Parti Breton : grèves dans les services d’urgences, quelle politique de la santé ?

 

 

 

Tout d’abord, le Parti Breton souhaite réaffirmer son soutien aux personnels hospitaliers ainsi qu’aux patients dans ce juste combat.

Au moment où on assiste à des grèves dans les services d’urgences, le Parti Breton souhaite s’exprimer sur un sujet qui préoccupe les Bretonnes et les Bretons.

Pour bien comprendre les problèmes que traversent les urgentistes il faut au préalable pointer les défaillances de l’Etat français dans la maîtrise de la démographie professionnelle:

  • Le numerus clausus imposé par l’Etat dès 1972 (et non 1990!!). Cela relève de la responsabilité de l’Etat. Il s’ensuit une absence de recrutement des enseignants et des effets à 10 ans (temps de formation des médicaux)
  • Les conclusions erronées des statisticiens (INSEE) sur la santé : si la santé s’améliore, il nous faut moins de médecins, donc un budget santé moindre
  • Le tout  « service public » avec ses conséquences: persécution (fiscale et autres!!) des cliniques, en fait suppression de toute forme de concurrence possible
  • Une absence de stratégie des urgences

Les problèmes qui sont exprimés par les personnels de santé dans les services d’urgences sont l’arbre qui cache la forêt et doivent être traités d’une façon globale.
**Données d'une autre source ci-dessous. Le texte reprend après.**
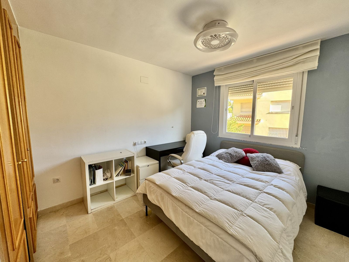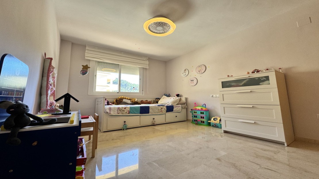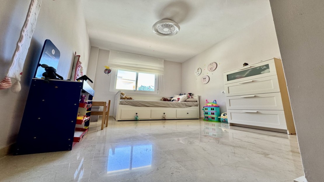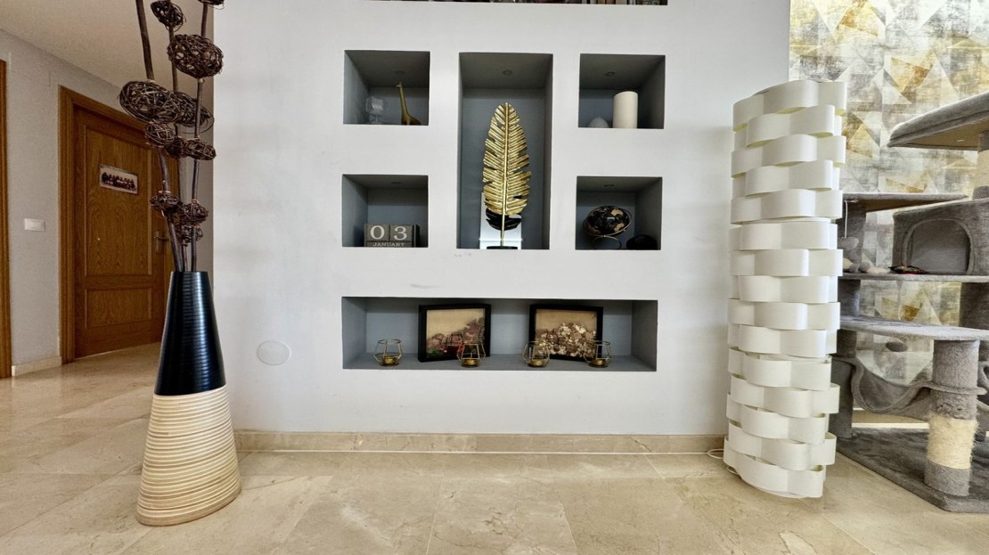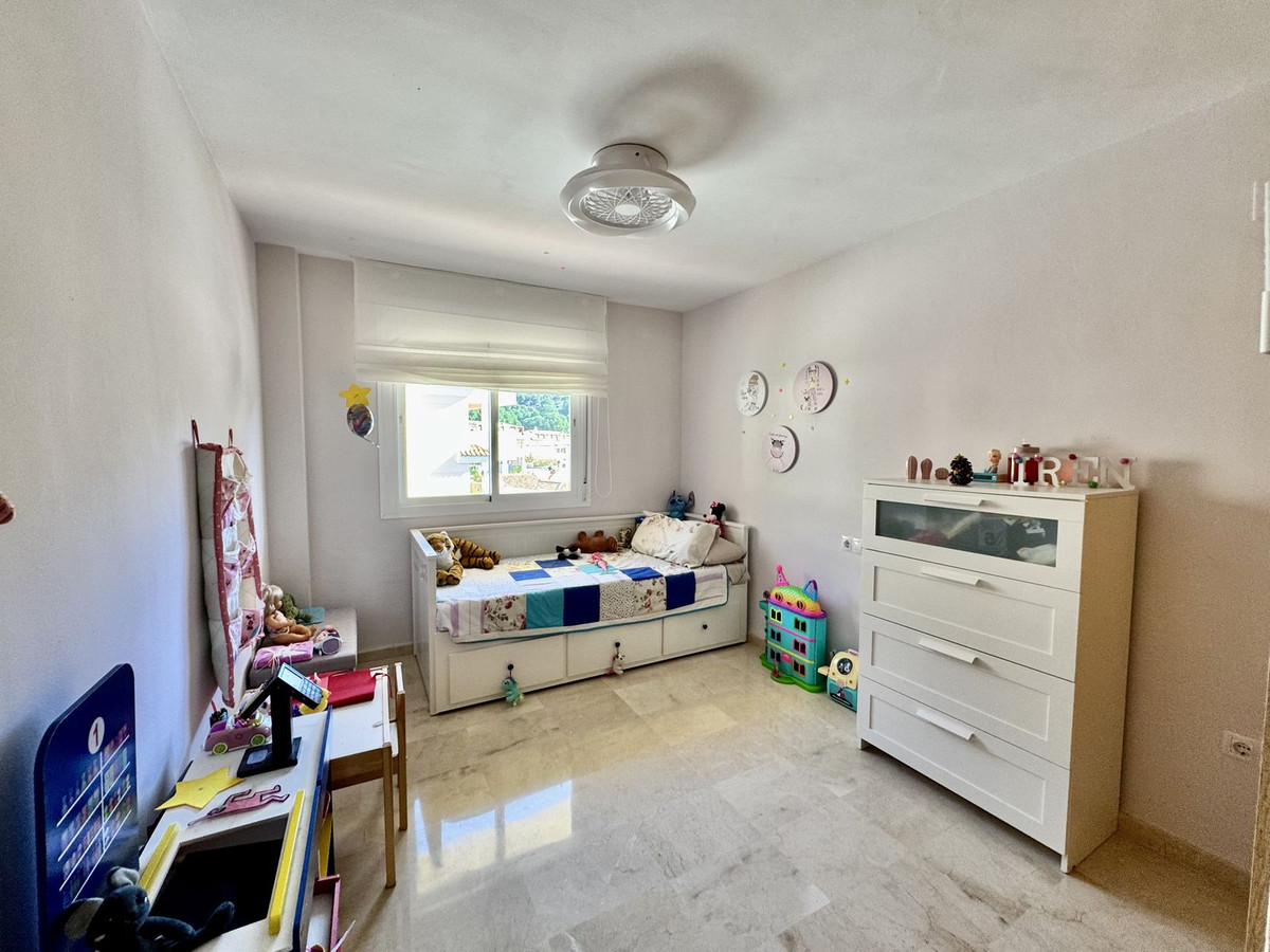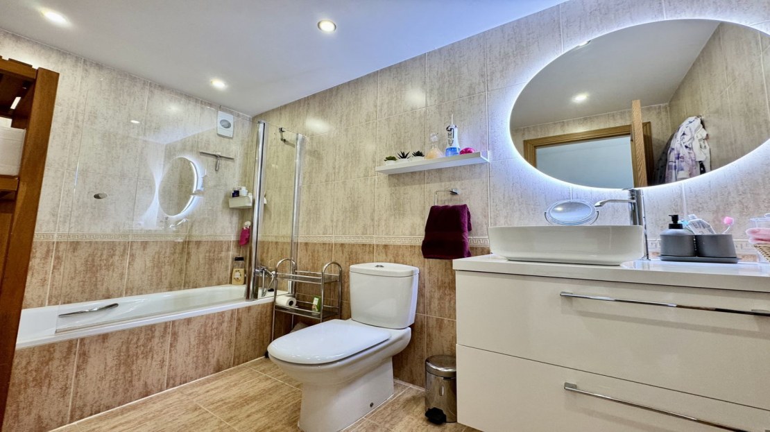 The flat has 3 spacious bedrooms, all with built-in wardrobes and capacity to adapt to any need. The 2 bathrooms, one of them en-suite, have been renovated with quality finishes. There is also a guest toilet, which offers comfort and privacy. The very spacious living room integrates perfectly with the open plan kitchen, creating an ideal environment for both everyday living and entertaining. The terrace is another of the property's great attractions, with a large 28m²º surface area and facing the afternoon sun, making it the perfect place to relax while enjoying the unobstructed views of the mountains. The marble floors bring a timeless elegance to the entire flat, while the double-glazed windows guarantee excellent thermal and acoustic insulation. Furthermore, the property includes a parking space in the price, providing convenience and security in the area. The urbanisation is very well maintained, which contributes to a pleasant and peaceful environment.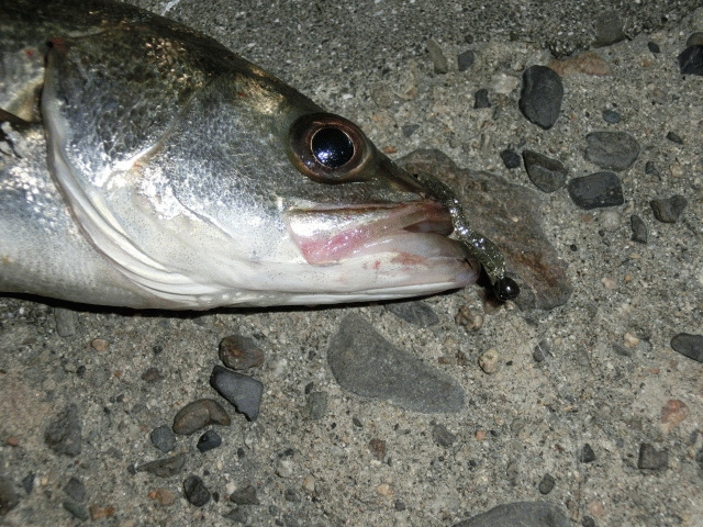 慎重にやり取りしてシーバス35cmをキャッチ。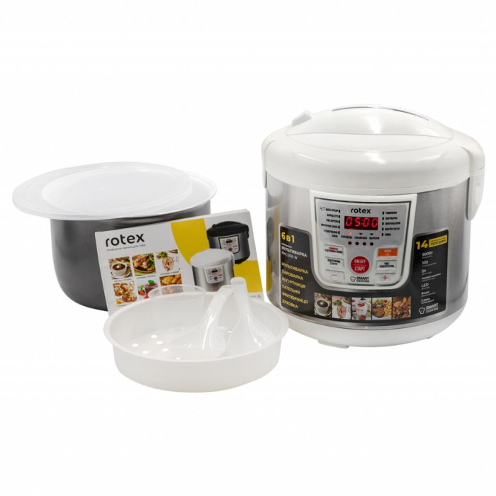 Працює Rotex RMC508-W при підключенні до звичайної електромережі через шнур завдовжки 1,2 м. Якщо говорити про додаткові можливості техніки, тут варто відзначити наявність функції підтримання тепла і таймер відстрочки. Завдяки останньому процес приготування можна перенести на 24 год. В упаковці товару присутні пластиковий контейнер для варіння на пару, ложка з ополоником, мірний стаканчик і книга з сотнею рецептів.

Le Parti Breton se mobilise pour rompre avec la conception française de la santé, centralisatrice et hyper administrative. Il est nécessaire de mettre en place un système plus démocratique, participatif et responsable.

Le Parti Breton compte mettre oeuvre et reconnaître l’implication de chacun notamment par l’éducation à la santé, l’hygiène de vie, l’alimentation…

La santé est un état d’équilibre de l’être humain vers lequel doivent s’orienter les efforts en matière de santé.

Pour résoudre le plus largement possible les problèmes de la santé en Bretagne, le Parti breton veut mettre en place :

  • Dans le cadre d’une consultation, donner la possibilité au médecin de facturer la consultation  diagnostic et les soins pratiqués à part….  Et non de facturer un acte global
  • Mieux rémunérer les déplacements des médecins pour les visites à domicile
  • Organiser les soins primaires par la création de centres médicaux de proximité comprenant des médecins généralistes, des spécialistes, des chirurgiens-dentistes, des acteurs paramédicaux, des acteurs sociaux, des acteurs administratifs
  • Résoudre le problème de la répartition des médecins en Bretagne par des mesures incitatives pour l’installation en milieu sous médicalisé (taxe foncière diminuée, prime à l’installation, loyers attractifs des locaux professionnelles, participation aux charges…)
  • Mettre en place une politique des soins
  • Une politique du médicament
  • Une accessibilité aux soins

Cela coûtera moins cher que la nomination d’une commission de hauts fonctionnaires et des fonds débloqués pour des services d’urgence dans quelques mois.

Si nous voulons maintenir un service public hospitalier de qualité, une solidarité face aux aléas de santé et éviter une privatisation totale du système de santé, il faut agir. Cela passe obligatoirement par une autonomie de la Bretagne ayant une compétence d’organisation de la santé.